> _What to work on_: Please find the line that holds "特徴:澄んだレモン色で斑点の" below and reproduce it, along with every line after it through the end, exactly and without pictures.

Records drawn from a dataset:
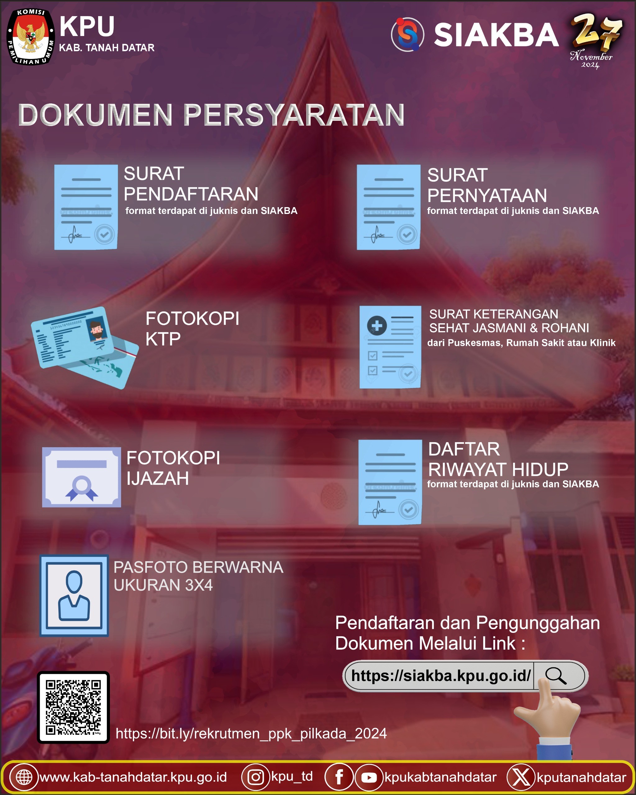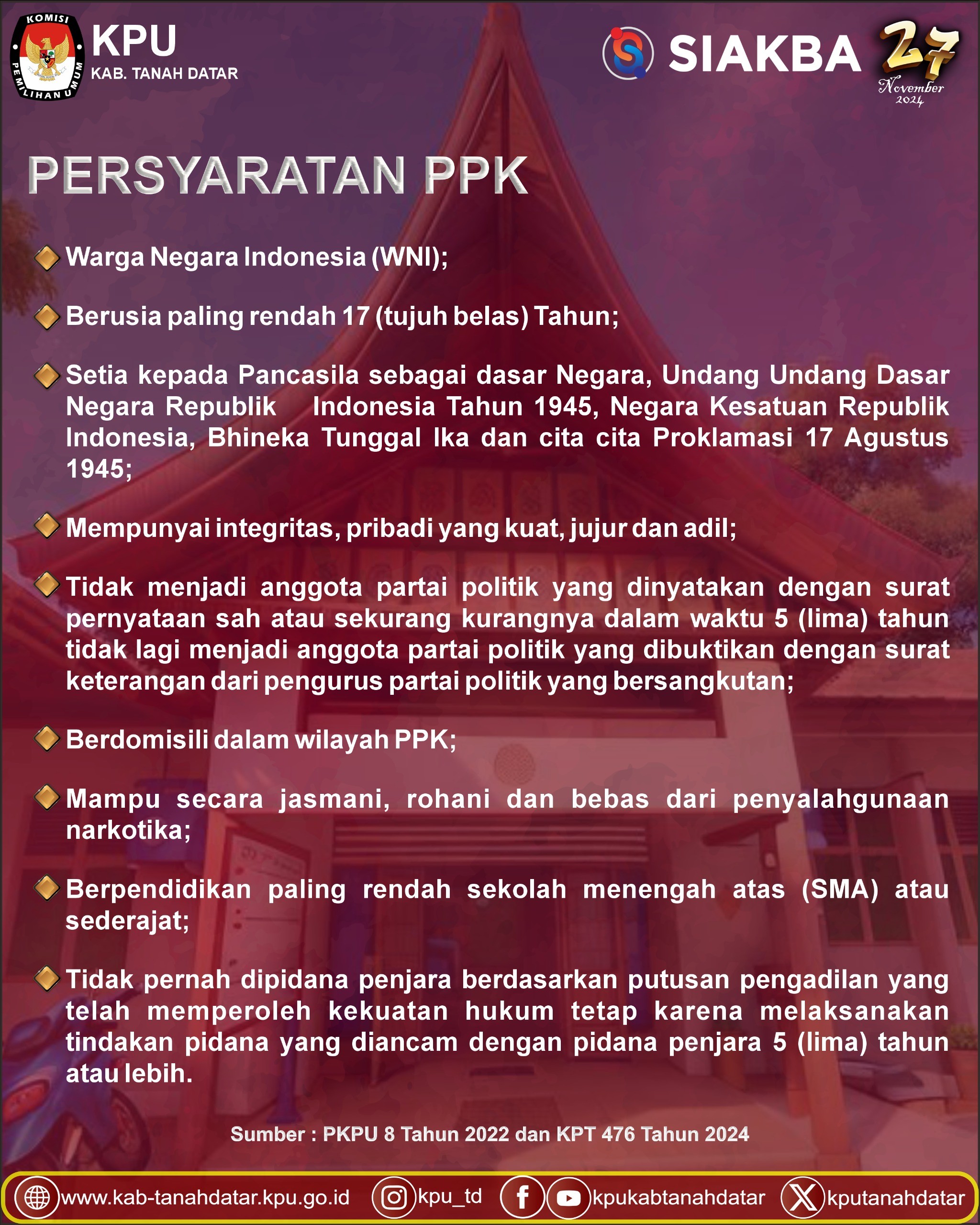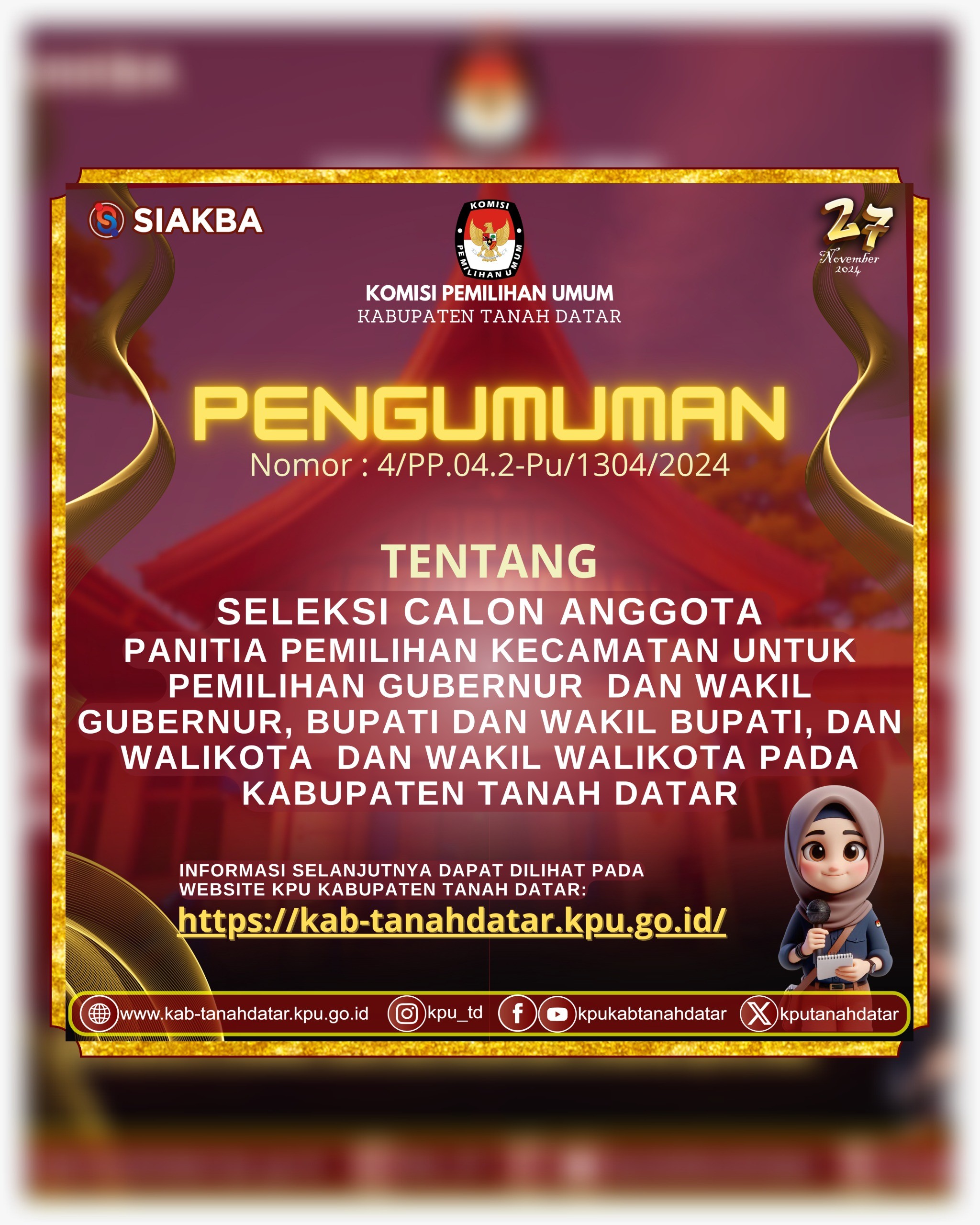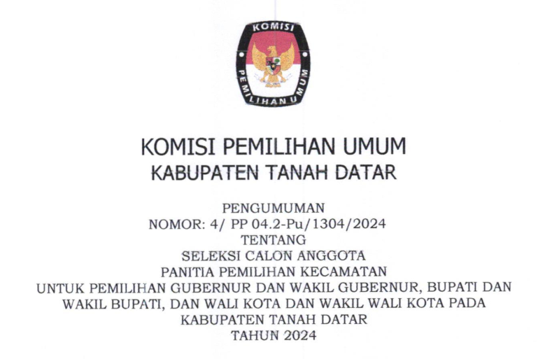 Pengumuman nomor 4/PP.04.2-Pu/1304/2024 tentang Seleksi calon anggota Panitia Pemilihan Kecamatan untuk pemilihan GUbernur dan Wakil Gubernur, Bupati dan Wakil Bupati, dan Walikota dan Wakil Walikota pada Kabupaten Tanah Datar
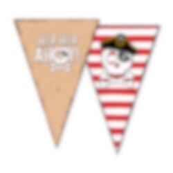 Luo aitoa merirosvotunnelmaa synttärijuhliin tällä ihastuttavalla merirosvoteemaisella lippuviirinauhalla. Kolmiomaisissa lipuissa on leikkisiä pääkallo-, merirosvohattu- ja raitakuvia sekä teksti "Hip Hip Ahoy!", mikä tekee siitä sopivan koristeen sekä lasten synttärijuhliin että merirosvojuhliin.
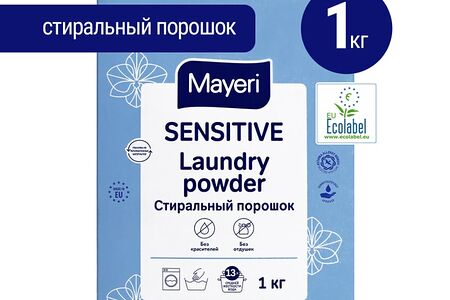Стиральный порошок Mayeri Sensitive Универсальный Эко 1кг европейское экологичное средство, разработанное с заботой об окружающей среде и здоровье человека. Прекрасно подходит для стирки вещей маленьких детей, аллергиков, астматиков, людей с чувствительной кожей. Уникальная формула с легкостью устраняет загрязнения с белых и цветных изделий, при этом не нарушая структуру тканевых волокон, а также предотвращает образование накипи на деталях стиральной машины. Порошок не содержит фосфатов, искусственных красителей, ароматизаторов и прочих агрессивных компонентов. Он эффективно работает даже в теплой воде и может использоваться как для машинной, так и для ручной стирки. Одобрен дерматологами. Имеет сертификат качества ECOLABEL.
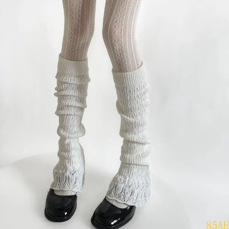 Características:OOTDTYCalentador de piernas de punto de moda, manga de calcetines de primavera y otoño de los años 90, calcetines hasta la pantorrilla tejidos para niñas, calentador de piernas acanalado de tubo largo.
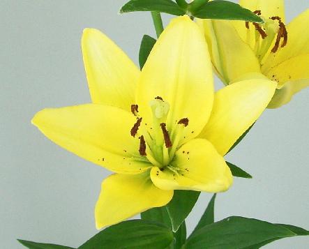 特徴:澄んだレモン色で斑点の少ない良花色小輪系統。花弁があまり開かないカップ状の花形で、一年球を切花生産に利用できる。
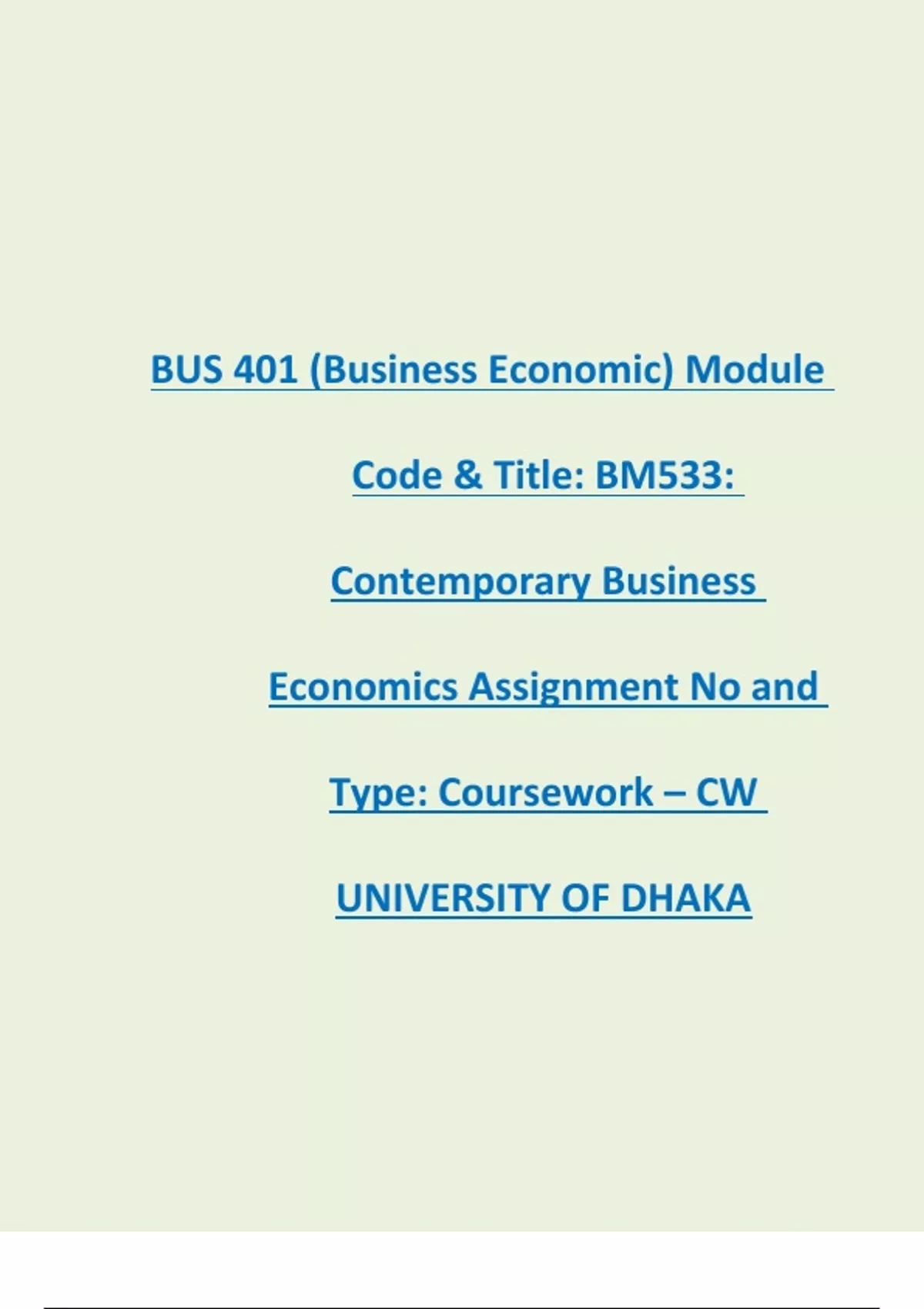 BUS 401 (Business Economic) Module Code & Title: BM533: Contemporary Business Economics Assignment No and Type: Coursework – CW UNIVERSITY OF DHAKA

> _Task answer_:
 特徴:澄んだレモン色で斑点の少ない良花色小輪系統。花弁があまり開かないカップ状の花形で、一年球を切花生産に利用できる。
 BUS 401 (Business Economic) Module Code & Title: BM533: Contemporary Business Economics Assignment No and Type: Coursework – CW UNIVERSITY OF DHAKA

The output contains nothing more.